*WHAT TO WORK ON*: Without the images, output every record exactly as it appears.

*EXTRACTED MATERIAL*:
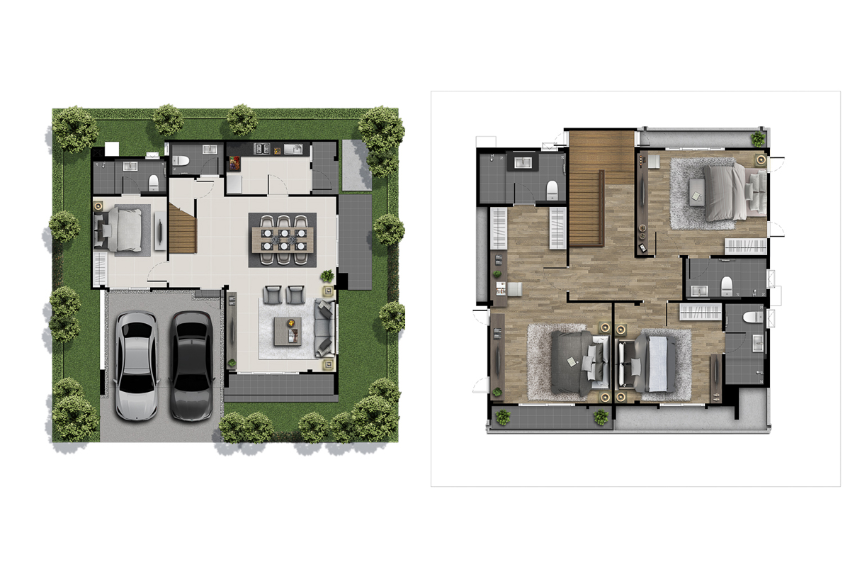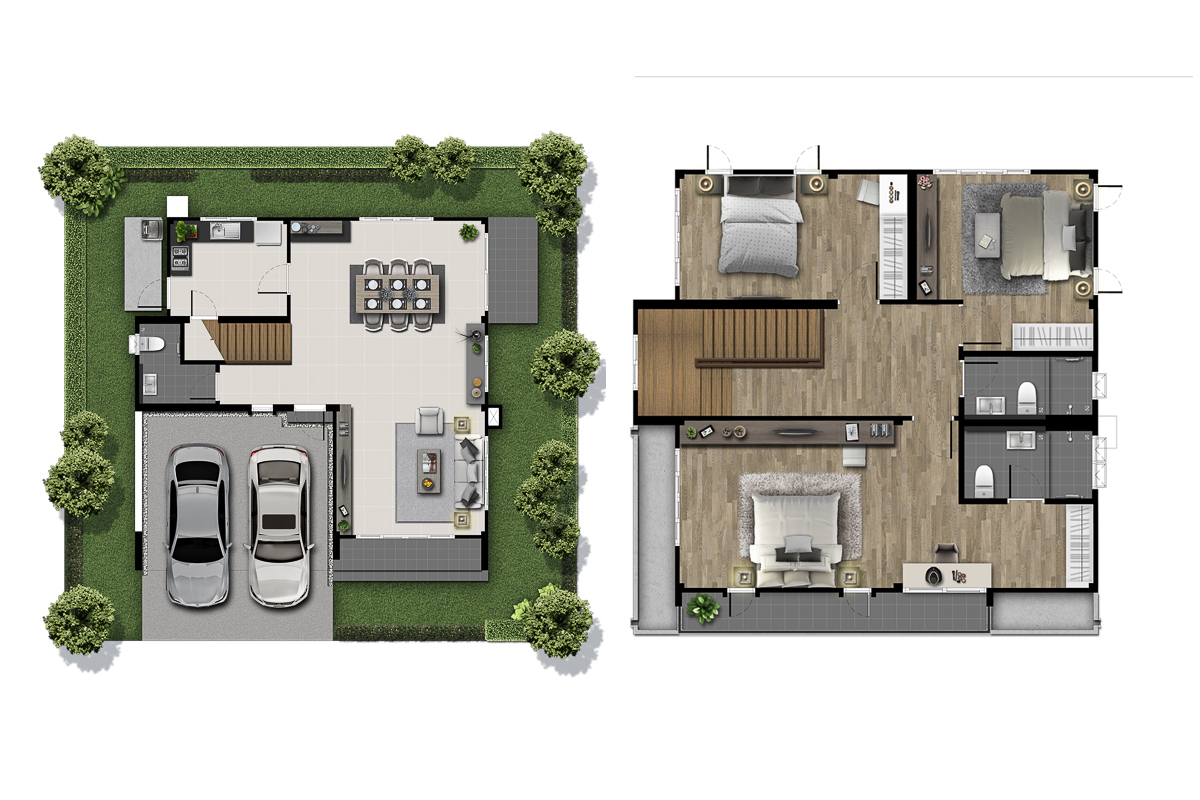 วันนี้เราจะพาชมแบบบ้านไซซ์ใหญ่สุด คือแบบบ้าน Double Bliss พื้นที่ใช้สอย 274 ตร.ม. ที่ดินเริ่มต้น 65.9 ตร.วา
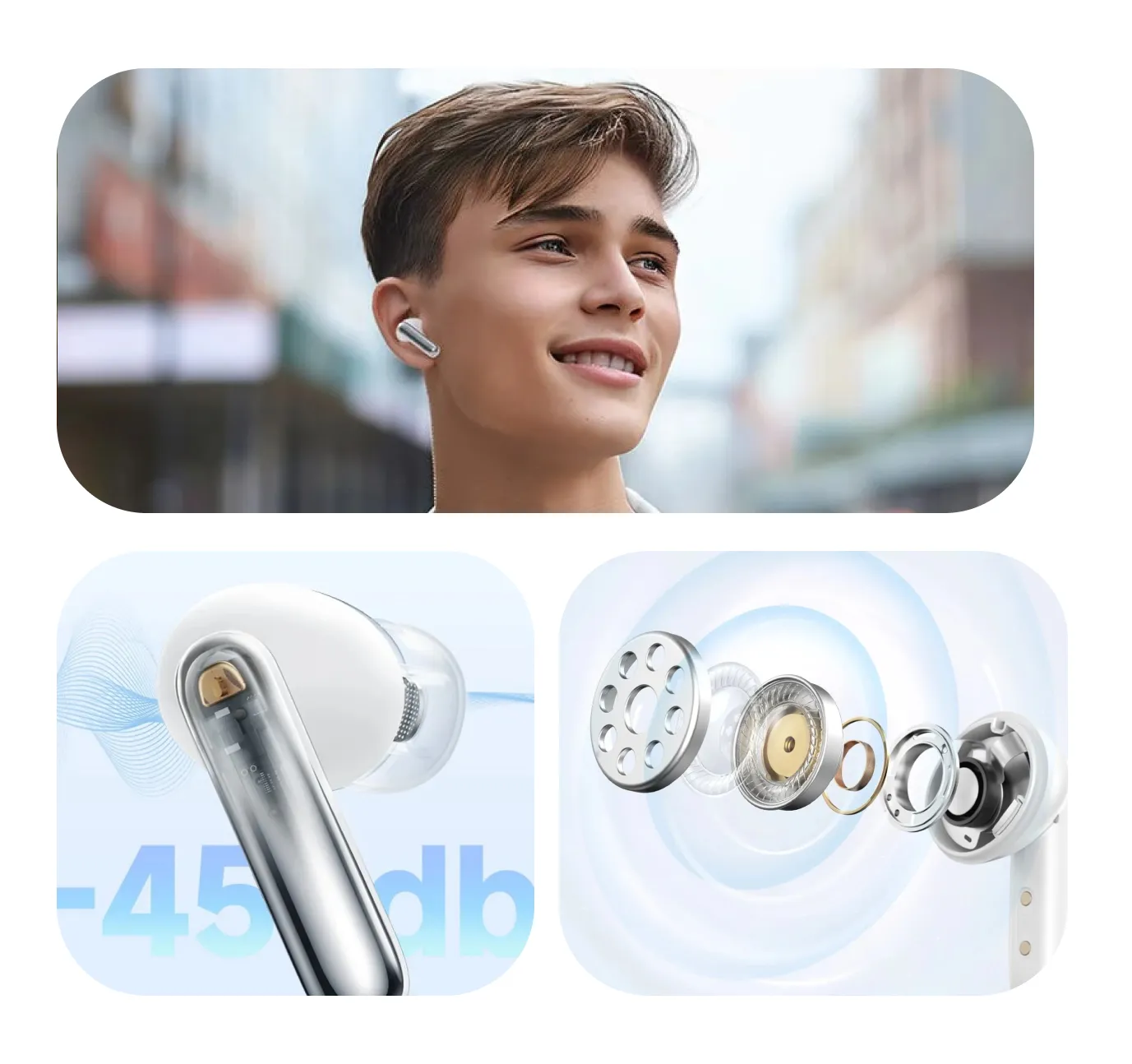 Los QCY MeloBuds N50 incorporan cancelación activa de ruido híbrida de hasta 45 dB, reduciendo los sonidos no deseados del entorno para una experiencia sonora más limpia y envolvente en música, videos y podcasts. Con drivers dinámicos de 12 mm, ofrecen un audio equilibrado y potente, ideal para el uso diario en distintas situaciones.
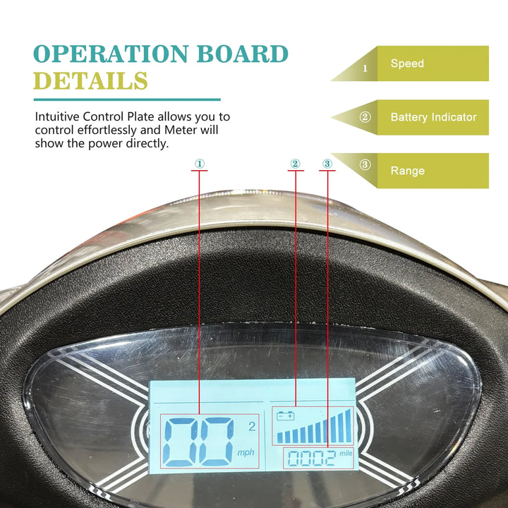 - 6. SAFE: Equipped with safety belt and anti-tipping roller. Anti-theft system and siren warning function, front shock absorbers and a 4.5" ground clearance contribute to a smooth and secure ride even on uneven terrain.
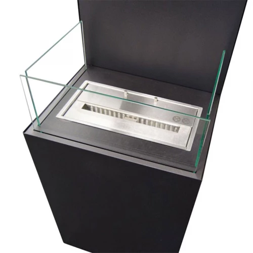 Open, three sided bio fireplace in black
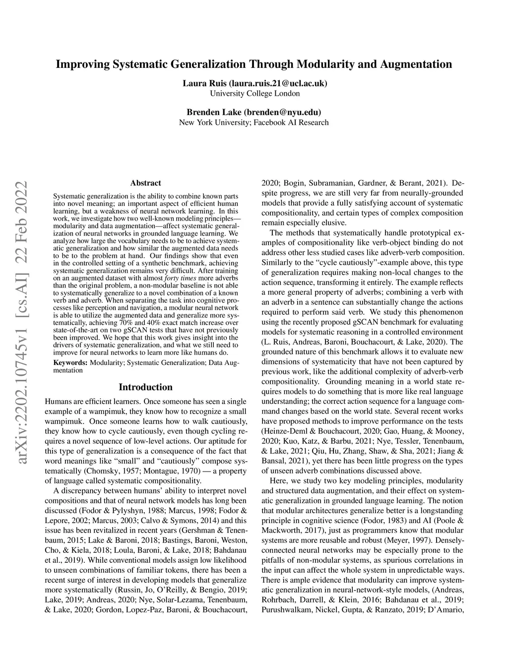 Improving Systematic Generalization Through Modularity and Augmentation

*OUTPUT*:
 วันนี้เราจะพาชมแบบบ้านไซซ์ใหญ่สุด คือแบบบ้าน Double Bliss พื้นที่ใช้สอย 274 ตร.ม. ที่ดินเริ่มต้น 65.9 ตร.วา
 Los QCY MeloBuds N50 incorporan cancelación activa de ruido híbrida de hasta 45 dB, reduciendo los sonidos no deseados del entorno para una experiencia sonora más limpia y envolvente en música, videos y podcasts. Con drivers dinámicos de 12 mm, ofrecen un audio equilibrado y potente, ideal para el uso diario en distintas situaciones.
 - 6. SAFE: Equipped with safety belt and anti-tipping roller. Anti-theft system and siren warning function, front shock absorbers and a 4.5" ground clearance contribute to a smooth and secure ride even on uneven terrain.
 Open, three sided bio fireplace in black
 Improving Systematic Generalization Through Modularity and Augmentation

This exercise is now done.